Both saline and silicone implants come with either a smooth or textured outer surface, and this affects how the implant interacts with the surrounding capsule. Textured shells are designed to grip the surrounding tissue, which helps prevent the implant from rotating or shifting position. This is particularly important for shaped (teardrop) implants, where rotation would be noticeable. Smooth implants move more freely within the pocket, which is usually fine for round implants since they look the same regardless of orientation.

Textured implants have been associated with lower rates of capsular contracture and malposition, but they carry a higher rate of certain infections due to bacteria adhering more readily to the rougher surface.

How They’re Placed During Surgery

Surgeons access the chest through one of several incision points. The most common in the United States is the inframammary incision, a cut along the natural crease beneath the breast. This gives the surgeon the widest access and best visualization, making it the preferred route for silicone implants in particular.

The periareolar incision runs along the lower edge of the areola, where the scar blends with the natural color transition. It works well when combined with a breast lift and is a good option for people prone to thick, raised scarring in other locations. Two less common approaches, through the armpit (transaxillary) and through the navel (TUBA), are only possible with saline implants because the empty shell can be threaded through a narrow tunnel and filled once it’s in place.

How Long Implants Last

Breast implants are not lifetime devices. Based on large-scale data on the latest generation of implants, the average lifespan (defined as the time between insertion and rupture or removal) is roughly 9 to 10 years. For modern silicone implants, rupture-free survival is about 98% at five years and 83% to 85% at ten years. That means roughly 15 to 17 out of every 100 implants will develop some form of shell failure within a decade.

If a saline implant ruptures, you’ll know quickly: the saltwater leaks out and is harmlessly absorbed by your body, but the breast visibly deflates.

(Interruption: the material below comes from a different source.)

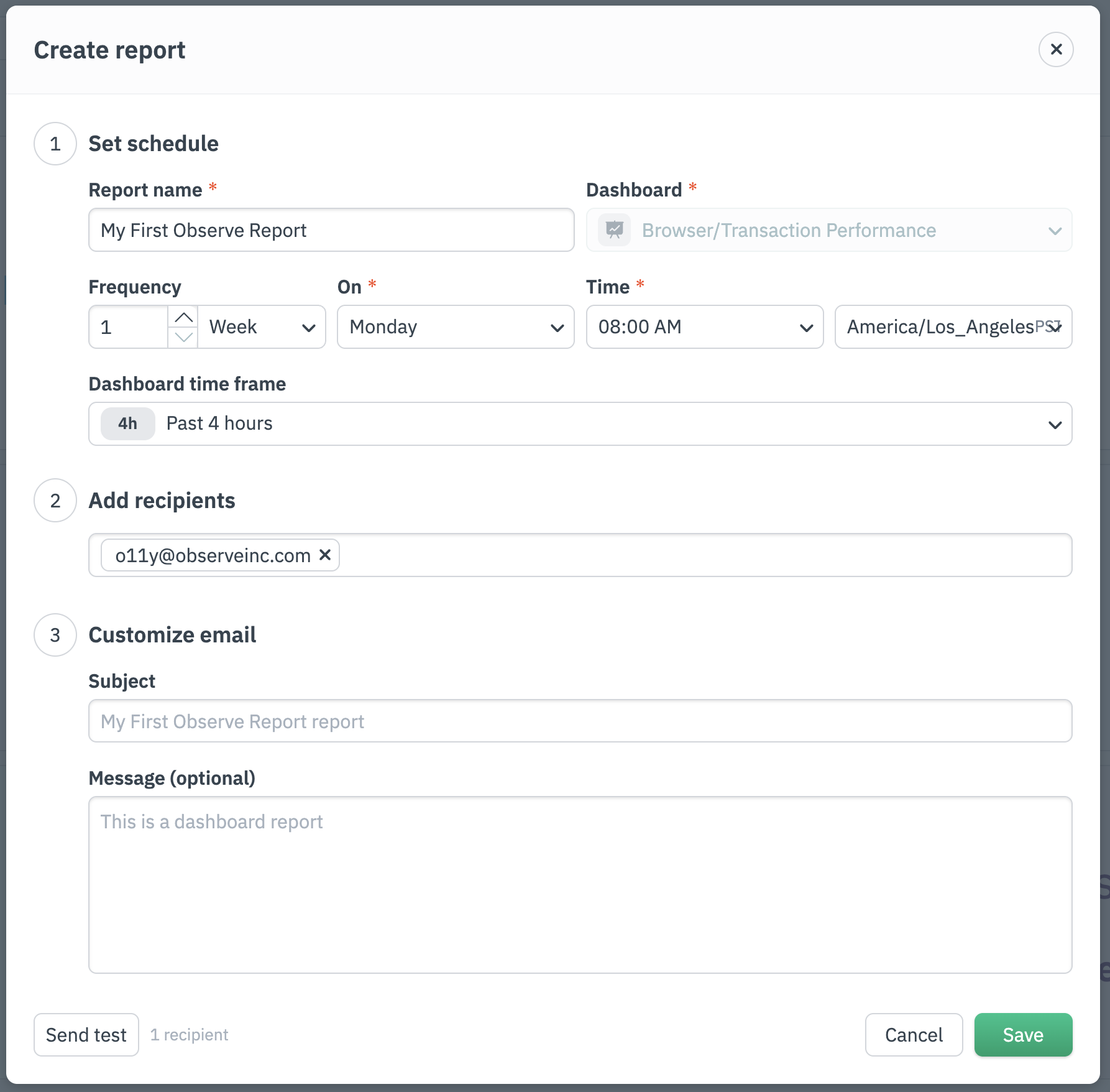Report Name- This is the name of the reporting job that you can reference later.Dashboard- This is the dashboard that the report will be generated from.Frequency- This the schedule that determines when and how often the report is sent.Dashboard time frame- Select a range of time that will be used in the resulting report. The report time frame can be different from the default time frame displayed on the dashboard.Add recipients- Add email recipients to your report, enter their email addresses. You can remove yourself as a recipient by clicking thexnext to your email. You can send reports to recipients outside of your organization.Customize email- Provide a custom subject and/or message in your report email. These are not required and support plaintext.Send test- Clicking this button lets you send an example before saving the schedule.

Silicone ruptures are harder to detect because the gel (especially cohesive gel) tends to stay in place even after the shell breaks. These are called silent ruptures, and they often produce no symptoms at all. Imaging, typically an MRI or ultrasound, is needed to identify them.

Reoperation rates are substantial even beyond rupture. FDA post-approval studies found that 20 to 40 percent of augmentation patients and 40 to 70 percent of reconstruction patients required additional surgery within the first 8 to 10 years for reasons including contracture, malposition, asymmetry, and pain. Because implants will likely need replacement multiple times, estimates suggest a person who gets implants at a young age may undergo roughly five replacements over a lifetime.

What Determines the Final Result

The implant itself is only one variable. The final appearance depends on the interplay between implant size and shape, the placement depth (over or under the muscle), shell texture, the incision approach, and your body’s own tissue characteristics. A person with more natural breast tissue will have better coverage over the implant, less visible rippling, and a more natural contour regardless of which implant type they choose. Someone with very little breast tissue will see more of the implant’s edges and may benefit more from under-the-muscle placement for additional coverage.

Over time, gravity, aging, weight changes, and the ongoing biological interaction between your tissue and the implant all continue to shape the result. The capsule can thicken. The implant can shift. The breast tissue around it can thin. These are the reasons implants require long-term monitoring and, eventually, replacement or removal rather than a single surgery that lasts forever.